House debates

Monday, 27 May 2013

Questions without Notice

Infrastructure

2:56 pm

Photo of Anthony AlbaneseAnthony Albanese (Grayndler, Australian Labor Party, Leader of the House) Share this | Hansard source

I thank the member for Moreton for his question. He is a big supporter of infrastructure projects like the Ipswich Motorway and the Cross River Rail in Brisbane. We are investing real money for real projects to make a real difference to communities right across Queensland—projects like the Cross River Rail, recommended by Infrastructure Australia because it stacks up; a project that will take 14,000 cars off Brisbane streets and allow an extra 17,000 people to travel on the rail network during peak hours. It has benefits for western and northern suburbs of Brisbane as well as the Gold and Sunshine coasts. It is a smart investment for our future that will keep our economy strong.

This did not come out of nowhere. This took two years of negotiation, a 2,000-page submission from the Queensland government, face-to-face meetings between ministers as well as discussions between our respective departments. What happens when you have an agreement between different levels of government is that you have an exchange of letters. I have here a letter from Scott Emerson, the Queensland minister. He asked for the project to be delivered as a PPP: we agreed. He asked for $715 million from each level of government: we agreed. He asked for 50-50 funding towards the availability payment: we agreed. He asked for the Queensland government to cover the operating costs: we agreed. He asked for the Australian government to guarantee private sector debt: we agreed. He had a final condition, that the project be subject to concessional treatment with the Australian government payments, and we agreed.
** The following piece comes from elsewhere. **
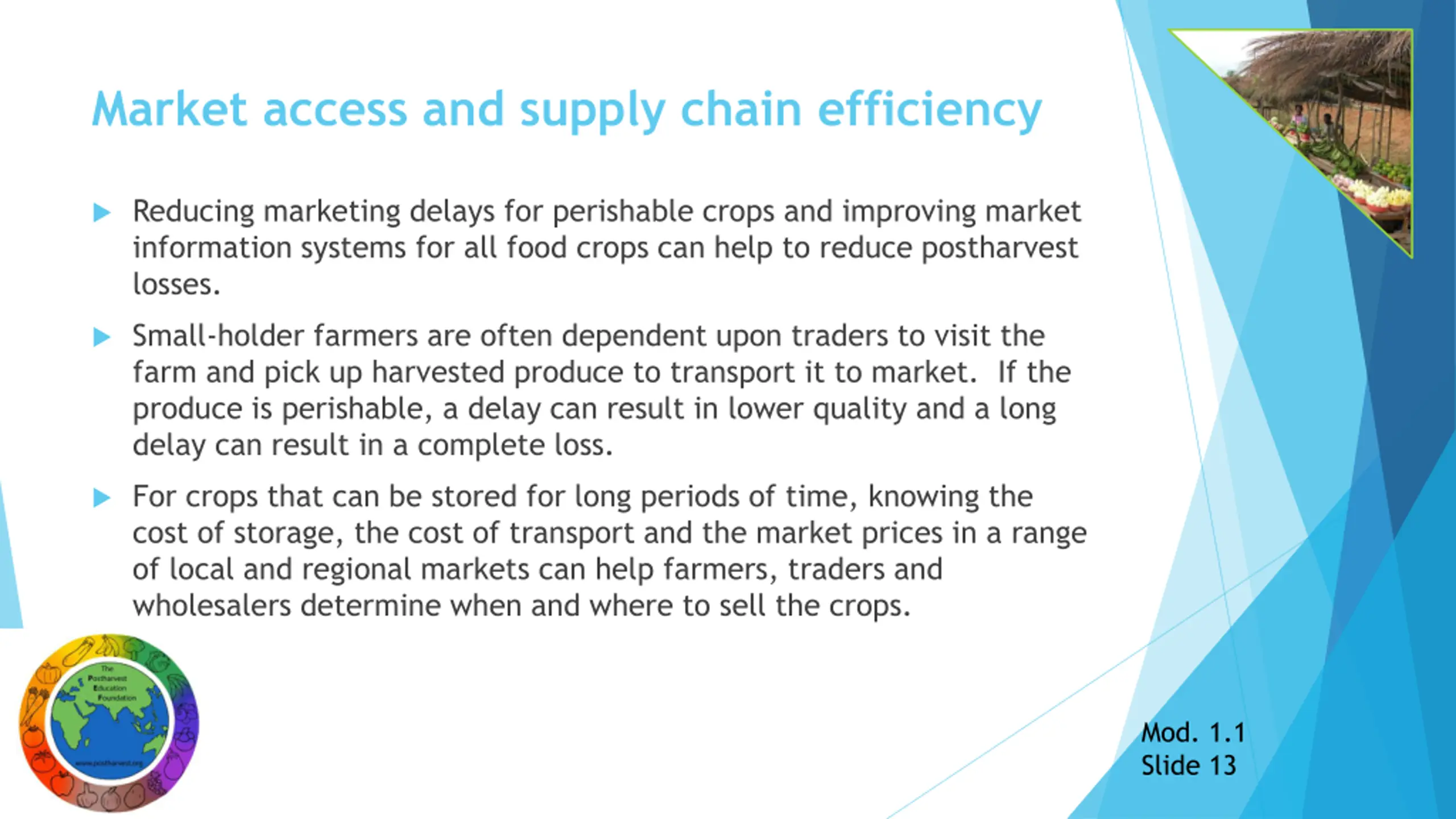 Market access and supply chain efficiency Reducing marketing delays for perishable crops and improving market information systems for all food crops can help to reduce postharvest losses. Small-holder farmers are often dependent upon traders to visit the farm and pick up harvested produce to transport it to market. If the produce is perishable, a delay can result in lower quality and a long delay can result in a complete loss. For crops that can be stored for long periods of time, knowing the cost of storage, the cost of transport and the market prices in a range of local and regional markets can help farmers, traders and wholesalers determine when and where to sell the crops. Mod. 1.1 Slide 13

Each and every ask: we agreed. The state asked and we delivered. They got exactly what they asked for. I table the letter from Minister Emerson and I table my response, agreeing to the position, on behalf of the government. We have had a position, as a result of the opposition's intransigence and statements to the Queensland government, whereby they put their political interests before the interests of people in Brisbane and those who are stuck in congestion in South-East Queensland. We have firmly put our position on the table. The Queensland government agreed and we are in a position to move forward. But the opposition says, 'Don't fund any public transport.' So the Queensland government, in spite of the fact that the MOU had been agreed to by both departments, has now walked away from that project, meaning that there will be gridlock in Brisbane and South-East Queensland in the coming years.